Task description:
Your response should consist of the entire listing, transcribed exactly, with every image left out.

Supplied material:
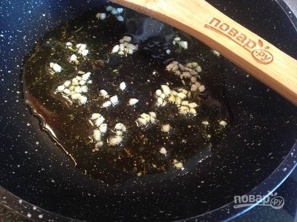 2. А пока очистим и мелко нарежем чеснок. Обжариваем его на разогретом оливковом масле вместе с сушеным базиликом примерно минуту-полторы.
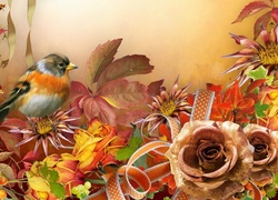 Puzzle: Kwiaty, Liście, Ptaszek, Jesienna, Kompozycja
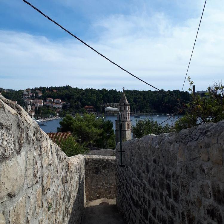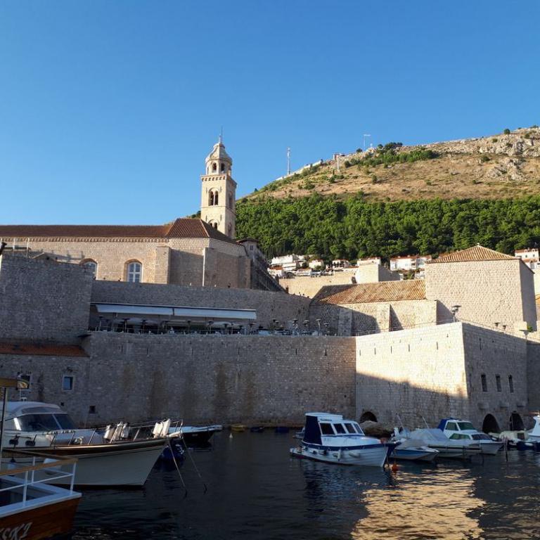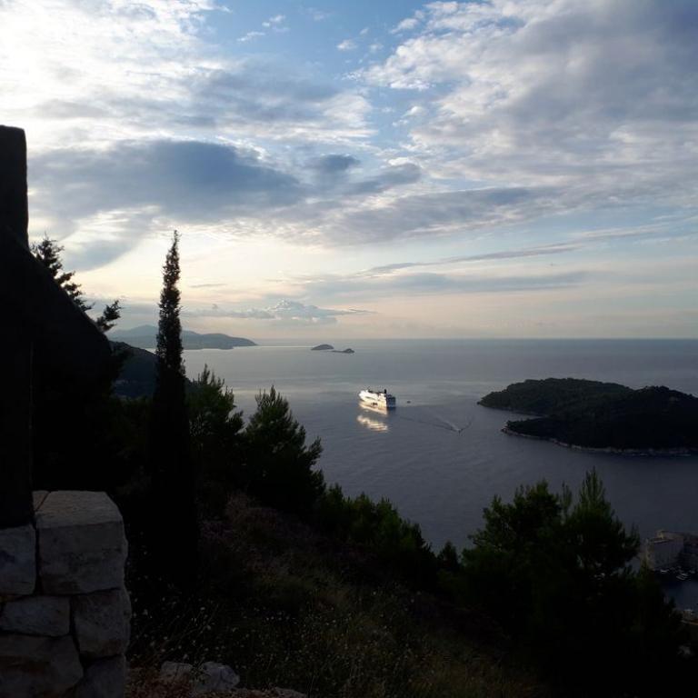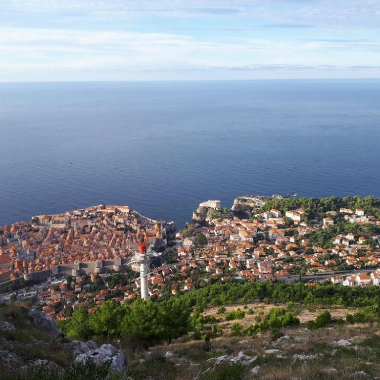 Noch vor Sonnenaufgang liefen Brigitte und ich los um den Hausberg Dubrovniks, den Srd mit 412 m zu erklimmen. Ein Kreuzweg schlängelte sich bis zum Gipfel, von wo wir eine traumhafte Aussicht auf "Königsmund" hatten. Den gleichen Weg liefen wir zurück und kamen genau richtig zum Frühstück, das Dani hergerichtet hatte. Nach der Stärkung und einer dringend notwendigen Dusche marschierten wir in Richtung Altstadt.
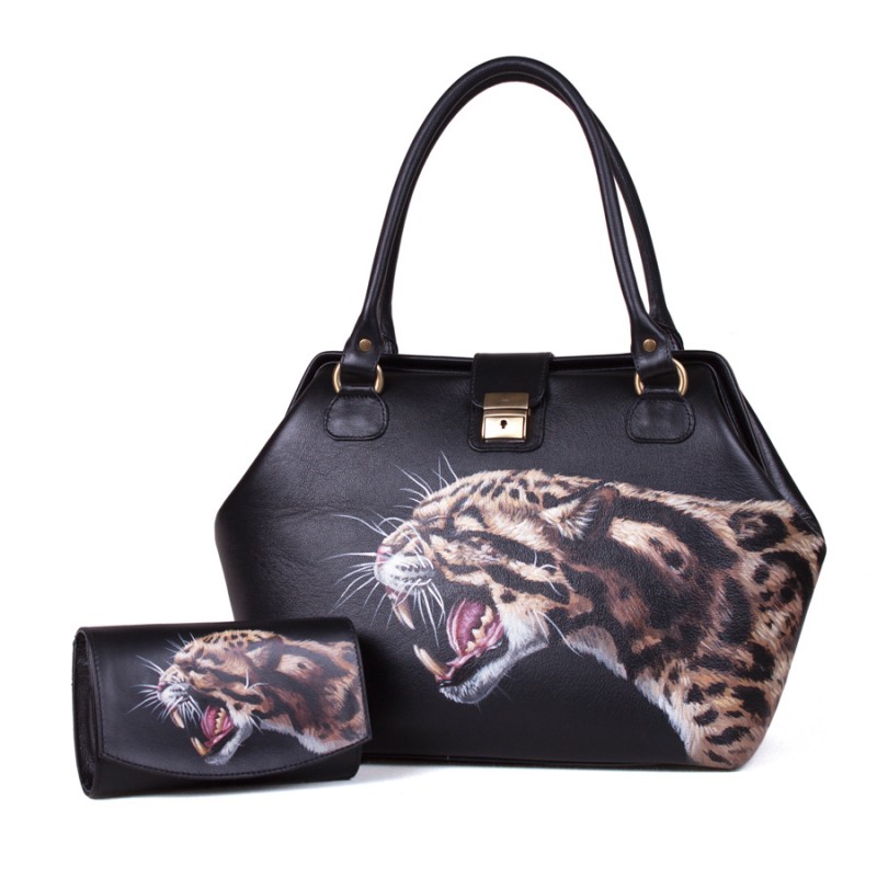 Комплект сумка и кошелек с ручной росписью "Ирбис"

Result of this task:
 2. А пока очистим и мелко нарежем чеснок. Обжариваем его на разогретом оливковом масле вместе с сушеным базиликом примерно минуту-полторы.
 Puzzle: Kwiaty, Liście, Ptaszek, Jesienna, Kompozycja
 Noch vor Sonnenaufgang liefen Brigitte und ich los um den Hausberg Dubrovniks, den Srd mit 412 m zu erklimmen. Ein Kreuzweg schlängelte sich bis zum Gipfel, von wo wir eine traumhafte Aussicht auf "Königsmund" hatten. Den gleichen Weg liefen wir zurück und kamen genau richtig zum Frühstück, das Dani hergerichtet hatte. Nach der Stärkung und einer dringend notwendigen Dusche marschierten wir in Richtung Altstadt.
 Комплект сумка и кошелек с ручной росписью "Ирбис"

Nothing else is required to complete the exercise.